Supplied information:

= = = = =

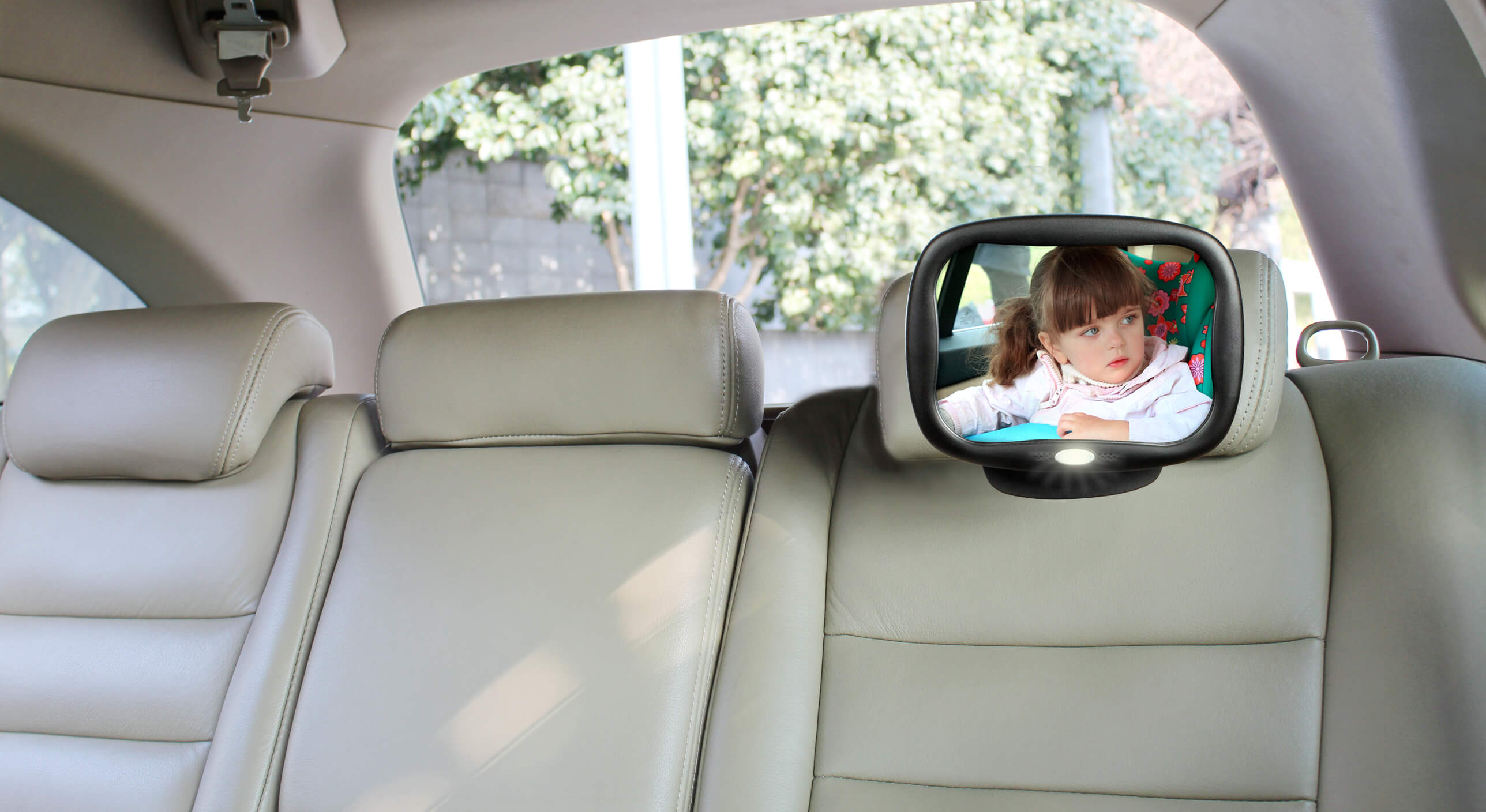 מראת לד קטנה נצמדת לרכב. מראה הנצמדת בקלות לחלון הרכב הקדמי או האחורי ומתכווננת במגוון זוויות לבטיחות נוספת של הפעוט, החגור בכסא הבטיחות במושב האחורי, בנוסף למראה המקורית.
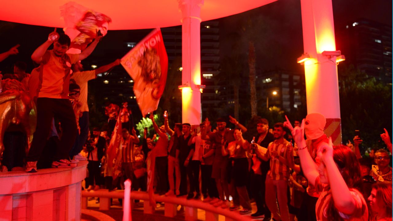 Ziraat Türkiye Kupası final maçında Trabzonspor ile Galatasaray, Gaziantep Büyükşehir Stadyumu'nda karşı karşıya geldi. Karşılaşmanın sonunda Galatasaray'ın, karşılaşmada Trabzonspor’u 3-0 mağlup ederek Ziraat Türkiye Kupası’nın sahibi olmasının ardından Mersin’de, taraftar kutlama için sokağa akın etti. Oluşturulan araç konvoylarının yanı sıra yaya olarak merkez Mezitli ilçesi Adnan Menderes Bulvarı üzerinde bulunan Galatasaray Meydanı’nda bir araya gelen taraftarlar, Ziraat Türkiye Kupası sevincini meşaleler yakıp marşlar söyleyerek kutladı. (DHA)
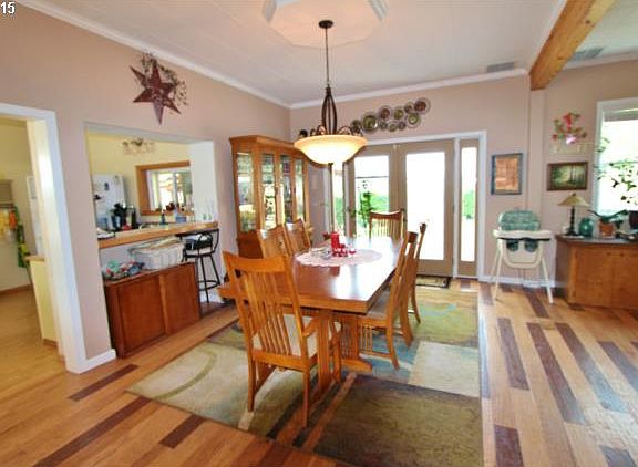 Lovely craftsman with recent remodeling, upgrades and Bay Views! 2,625 sqft, three story home and a basement (not included in sqft). Bay view facing west from upstairs bedrooms. Natural gas fireplace, French Doors, engineered hardwood flooring, 4 Bedrooms, 3 full Bath, security system. Master Suite w/ claw foot tub, dual sinks, and shower. Covered parking, fenced back yard with nice deck area. Quiet location in North Bend! Nice Place!

= = = = =

What the task asks: Using the listing above, write out exactly the lines from the one that holds "Ziraat Türkiye Kupası final" through the last line, both included, and omit pictures.

Response:
 Ziraat Türkiye Kupası final maçında Trabzonspor ile Galatasaray, Gaziantep Büyükşehir Stadyumu'nda karşı karşıya geldi. Karşılaşmanın sonunda Galatasaray'ın, karşılaşmada Trabzonspor’u 3-0 mağlup ederek Ziraat Türkiye Kupası’nın sahibi olmasının ardından Mersin’de, taraftar kutlama için sokağa akın etti. Oluşturulan araç konvoylarının yanı sıra yaya olarak merkez Mezitli ilçesi Adnan Menderes Bulvarı üzerinde bulunan Galatasaray Meydanı’nda bir araya gelen taraftarlar, Ziraat Türkiye Kupası sevincini meşaleler yakıp marşlar söyleyerek kutladı. (DHA)
 Lovely craftsman with recent remodeling, upgrades and Bay Views! 2,625 sqft, three story home and a basement (not included in sqft). Bay view facing west from upstairs bedrooms. Natural gas fireplace, French Doors, engineered hardwood flooring, 4 Bedrooms, 3 full Bath, security system. Master Suite w/ claw foot tub, dual sinks, and shower. Covered parking, fenced back yard with nice deck area. Quiet location in North Bend! Nice Place!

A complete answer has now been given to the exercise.